W la libertà di stampa! Milano è la città di Indro Montanelli, sommo epigono di quella milanesità che io ho imparato a rispettare da piccolo, quando mio papà, inflessibilmente, iniziava la giornata col controcorrente del "il Giornale''. poi siamo passati al Corriere, altro simbolo della Milano austera, analitica e sobria che tutti vorremmo perché intanto  "il Giornale" era passato dalle stelle alle stalle, dilapidando un'eredità morale che avrebbe meritato miglior sorte. Fotografo la statua di Montanelli, che sta nei giardini a lui intitolati non lontano dal FBF, ha sulle ginocchia una Lettera 22: certo che qui i simboli dell'Italia di cui andare fieri non mancano. O almeno così pare a un campagnolo in libera uscita nella metropoli. A un certo punto, passeggiando per via Solferino ho realizzato che ero nella via del quotidiano più letto d'Italia. A dir la verità, ho visto l'insegna del Corriere e ho smesso di chiedermi ripetutamente ``ma perché mi ricordo di questa via Solferino?''



È stato istruttivo vedere i giornali parlare di quello che stava accadendo. Questo è solo un blog e non mi dilungherò troppo in analisi che lascio ad altri ma ho visto i danni di titoli che evocano la parola strage in relazione a un'influenza.

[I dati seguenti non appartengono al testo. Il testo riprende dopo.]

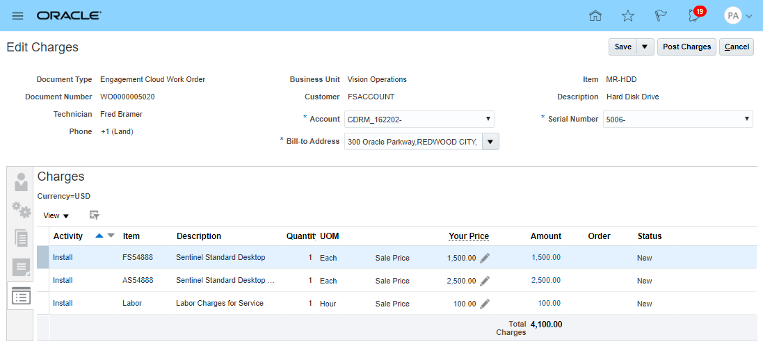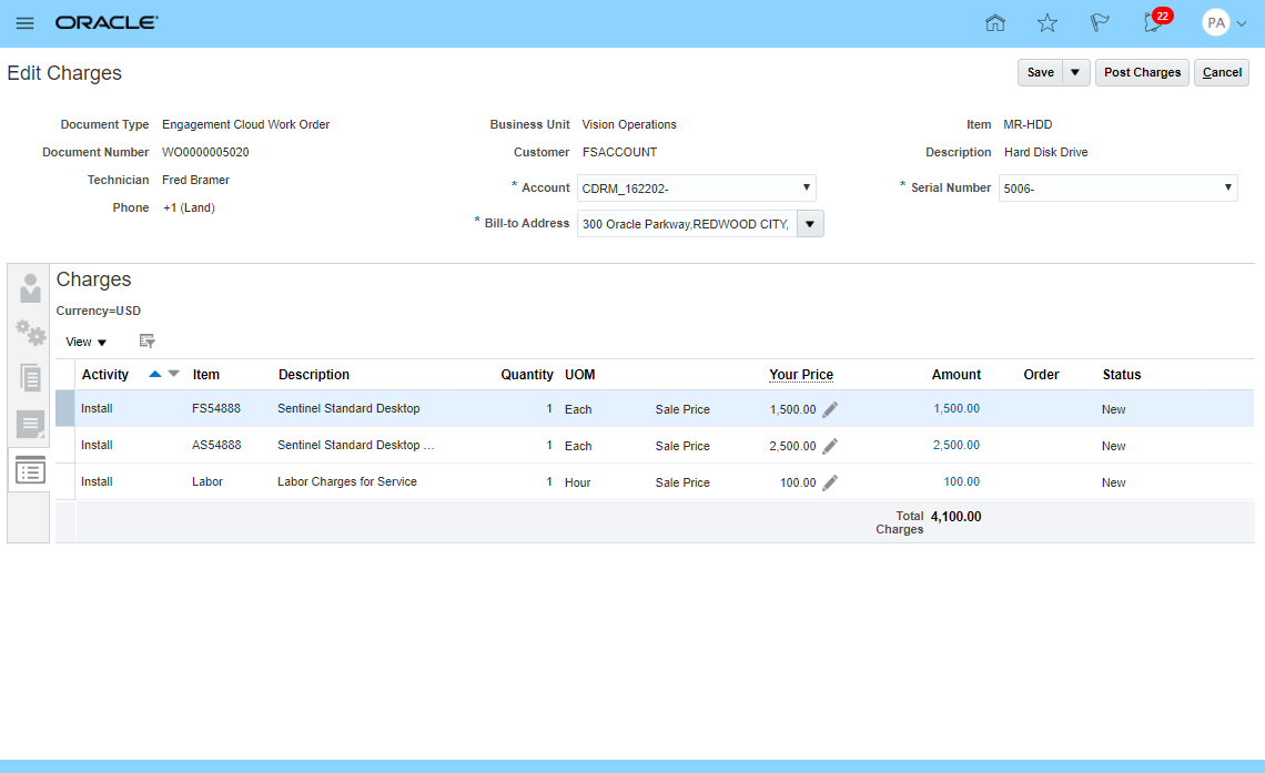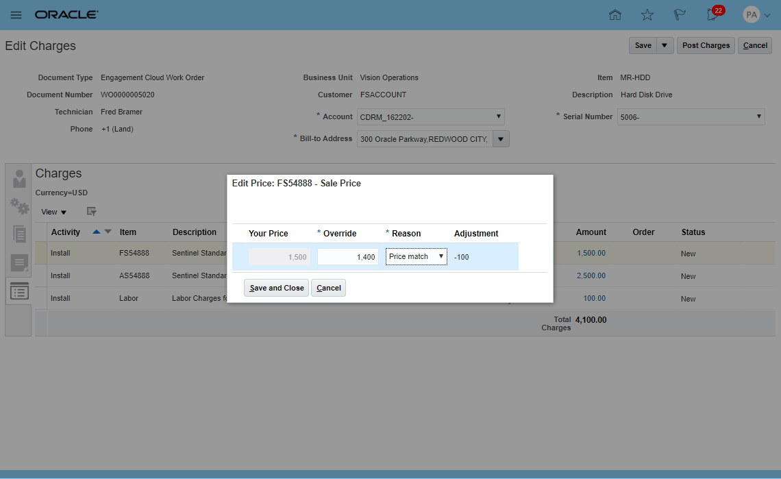 The Edit Charges UI allows Field Service Administrators (FS Admins) to review part, labor, and expense debrief transactions that are recorded by Field Service Technicians. The price of the parts used and labor hours spent are derived from a price list setup in Oracle Pricing Cloud. In case there is discrepancy between the price that the customer was promised and the price setup in Oracle Pricing Cloud, Field Service Administrators can adjust the price to match the promised price. This ensures that when these debrief transactions are posted, accurate amounts show up in the customer's invoice.

W la libera stampa, certo, ma ci costa anche caro avere "giornalisti" che terrorizzano i deboli di cuore e di spirito. Guardatevi le prime pagine di "Libero"e "il Giornale" di questi giorni: io sono rimasto di sasso. Mentre tutti provavano a contenere l'ansia, mantenere lucidità e approntare al meglio misure varie (anche se personalmente le reputo eccessive), questi titoli buttano taniche di napalm sul fuoco, riaccendendo le nostre paure peggiori, fomentando teorie del complotto e facendo strame della realtà.



Devo dire che anche il Corriere, che pure brilla per aplomb e suona la carica dell'impegno e della responsabilità ogni giorno, a volte mi è sembrato un filo troppo angosciante: a tutta pagina, "Altri 4 morti ma i focolai sono gli stessi", oggi 25 febbraio. Ok, 4 morti, ma leggendo bene le pagine interne si scopre che sono purtroppo anziani spesso ultra-ottantenni, con gravi problemi di salute pregressi, in dialisi o già in rianimazione per infarto. Siamo sicuri che parliamo di sindrome influenzale? O meglio, è veramente allarmante o sorprendente sapere che persone dalla salute così compromessa non ce l'abbiano fatta dopo aver contratto un'influenza insidiosa? Io ero a Milano in questi giorni e, proprio per andare a prendere il mazzo di chiavi di scorta, sono passato per la Galleria Vittorio Emanuele vedendo decine di persone senza mascherina e qualcuno che la portava. Non è esattamente la sensazione che dà la foto, spettacolare nella sua grandangolarità, che campeggia in prima pagina e credo che il lettore di Voghera possa immaginarsi torme di turisti mascher(in)ati o trascinati in barella e flebo via dallo struscio di via Monte Napoleone dove sono caduti in preda a influenza fulminante... Più o meno sulla stessa linea, leggo che nei supermercati gli scaffali sono vuoti dopo che qualcuno ha fatto incetta di acqua e beni di prima necessità, immagino dopo aver letto a colazione "Libero" e "il Giornale". Va bene, ci sta pure. Ma io sono stato in centro per quattro giorni e il mio Carrefour aperto 7/24 aveva gli scaffali traboccanti di tutto quello che un umano, anche tendente al gourmet, può volere. Capisco la necessita di fare notizia e, in effetti, scrivere "Gli scaffali sono pieni come al solito" non è una gran novità ma mi riprometto di rifletterci due volte quando vedo la prossima volta una foto da Wuhan desertificata: non intendo minimizzare, ma le notizie sono brandelli di realtà che non colgono il tutto, né potrebbero a dir la verità, sono faretti che illuminano un angolo e, forse, rendono meno visibili per contrasto altre cose che pure stanno intorno. Di sicuro, sempre più, abbiamo bisogno di libera stampa, anche di "Libero" e "il Giornale" e di buoni giornalisti che evidentemente però sono merce rara in certe testate.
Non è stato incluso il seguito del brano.